そんなことがあって、これはちょっと直接手がけた方が、ヒヤヒヤしなくてすむんじゃないかと考えたわけだ。そんなわけで、新作高校演劇トライアルとなった。参加者は主に演劇部の高校生を募集することにした。
で、公募して参加者を集めると同時に、集まらなかったときのために、直接声をかけたりもして、転ばぬ先の杖をついておく。
そんなこんなでようやく稽古が始まった。参加者は公募できてくれた子が2人、事前に声をかけていた子が1人、計3人、みんな女の子であった。
当初台本は、男子1名が想定されていたのだが、それを女子に書き直してもらう。第1稿は夏くらいには上がっていて、いろいろとアドバイスをして書き直してもらっていた。
そんなわけで、週3回の稽古は女子高生と一緒なのである。これがまた、わりとみんなハキハキした子で、オレのようなおじさんと話すときも、物怖じしないし、だからといって礼儀知らずなわけでもない。とはいえ、さすがに世代のギャップ的なものはあって、いや、世代のギャップなのかどうなのかわからないけれど、なんかいろいろ新鮮なのである。
すでに我が子よりも年下の子たちなわけで、そりゃ新鮮だろうけど、なんというか、違う世界の生き物のようである。
ナレーションのお仕事でお世話になってる、サウンドブレーンの斎藤さんから「音の絵本作りたいんだよ」という話は、ずいぶん前から聞いていた。単なる読み聞かせではなく、効果音を入れたり、複数のキャストで読んだりと、ちょいと手の込んだ音素材を作って、幼稚園とか保育園、視覚支援学校などで活用してもらえたら良いなぁ、という企画である。
関係者は手弁当。でまあ、オレの役割としては、企画書書いたり、音の絵本の導入部分のシナリオを書いたりというところ。
第1回目の作品は「かみさまにあう」作/森川沙紀。この森川さんは、地域おこし協力隊で、花巻に滞在していた頃に、早池峰神楽に出合い、その魅力を絵本にしたい! と思っただけでなく、実際に作ってしまった大した人である。
出版社が絡んでいるわけではないので、本人の了解があれば、権利関係の処理に手間取らないので、はじめの一歩としては、取り組みやすいところ。
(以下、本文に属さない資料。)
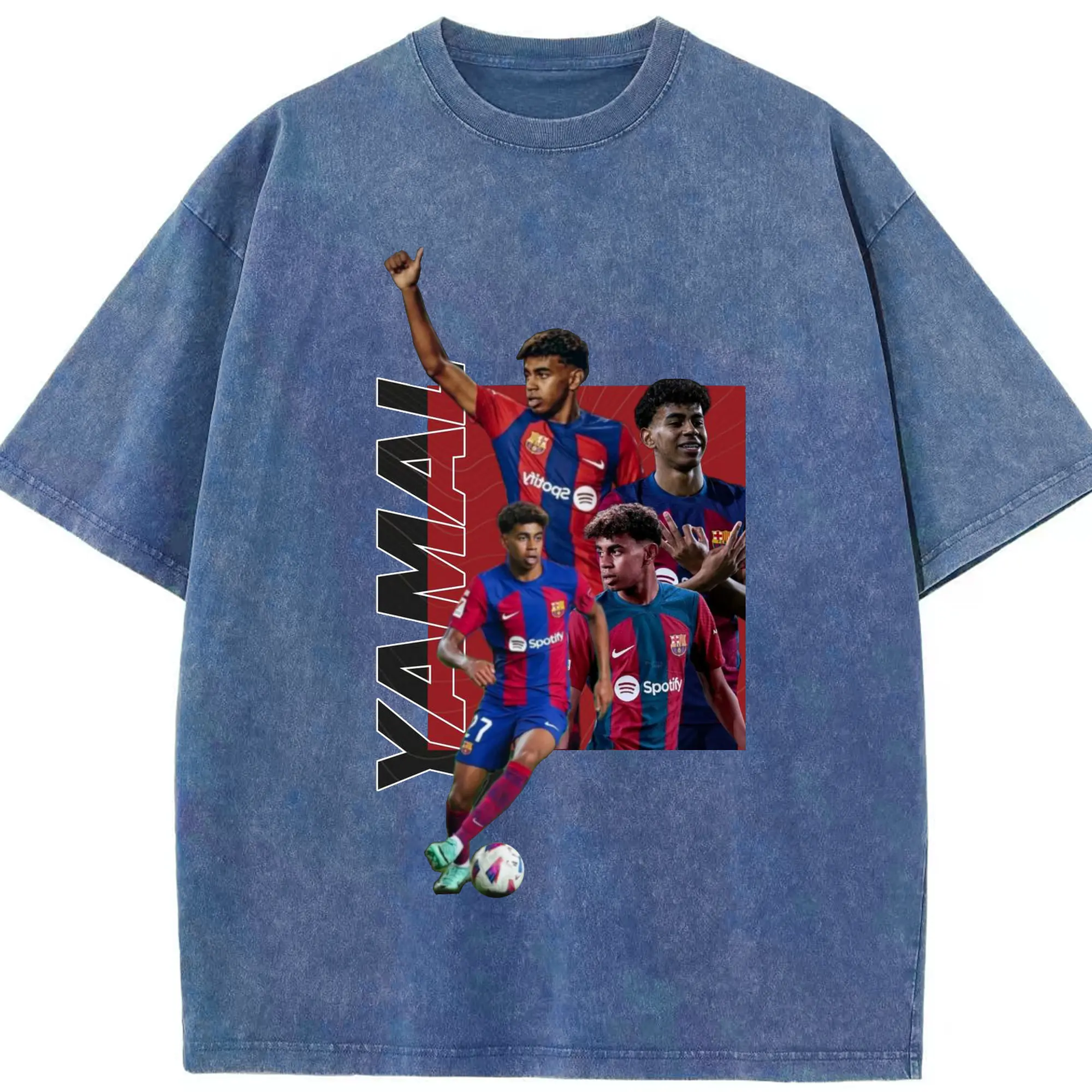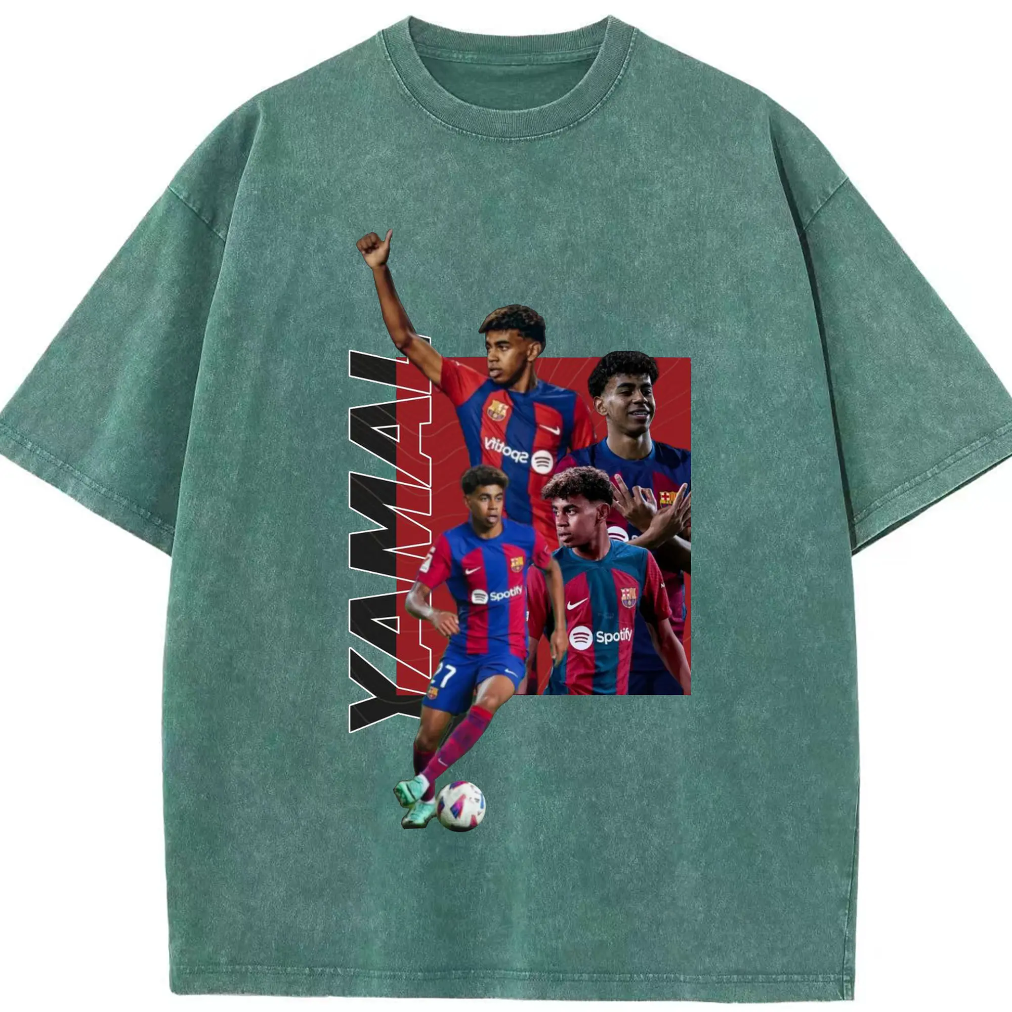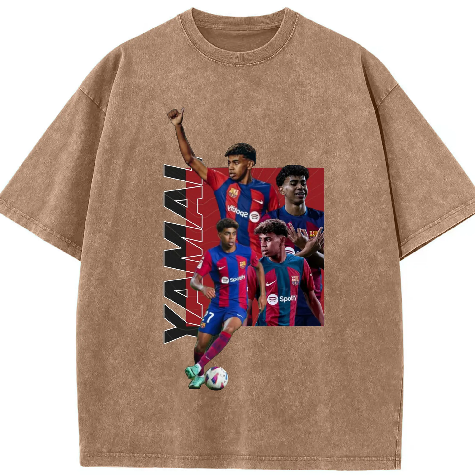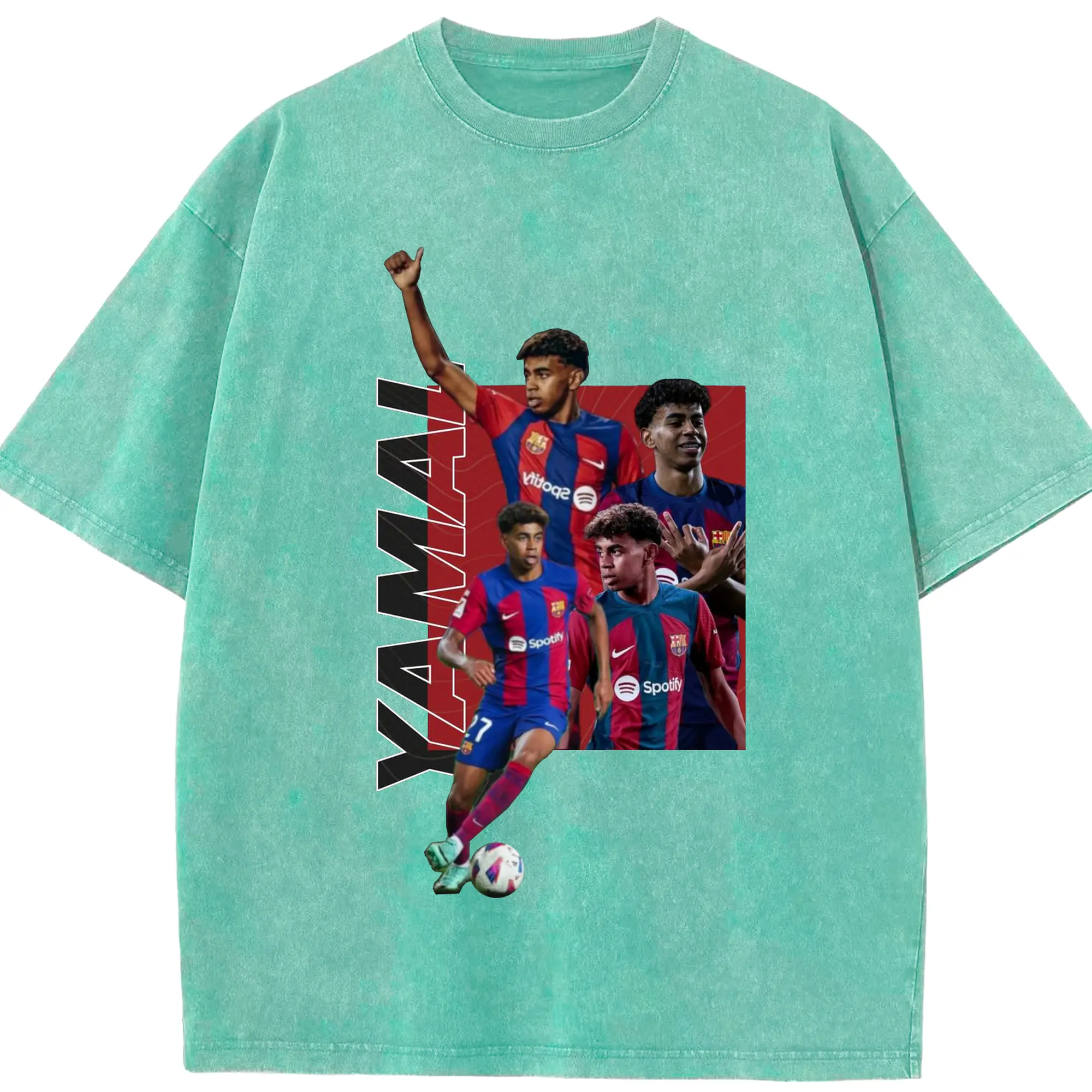 Lamine Yamal Barcelona Rising Star DIY Shirt - Washed Vintage Look 230g Cotton Oversized T-Shirt With Front Heat Transfer Print – Soft, Lightweight, Stylish Fit – Comfortable Casual Wear For Sports & Everyday Use

で、ようやく完成を見て、さて、どこら辺に贈ろうかいなと、いろいろと検討した結果、まずは花巻市、そして、盛岡視覚支援学校あたりに贈ることにした。
すると、花巻市では、とりあえず職員の方に会って、手渡しして、なんか活用してください、的な感じで終わったのだが、盛岡視覚支援学校の方では、なんだか、贈呈式みたいなことをするというのである。しかも、その取材にテレビが来るというのである。普段は、テレビの裏方である音屋の斎藤さんは、バンドのドラマーでもあり、しゃべりは無限に出てくるのだが、こと、立場を逆にして、取材されて喋るとなると、あんまり慣れていない。これは見ものである。
当日は、オレと斎藤さんの他に、本編の語りを担当してくれた平田純子さんが同席。初めて足を踏み入れる視覚支援学校の一室で、開式の言葉から、校長先生のあいさつがあり、斎藤さんのあいさつもあり、音源のCDを生徒代表の子に贈呈し、みんなで音の絵本を聞き、生徒の感想を聞く、という流れである。実にちゃんとした儀式である。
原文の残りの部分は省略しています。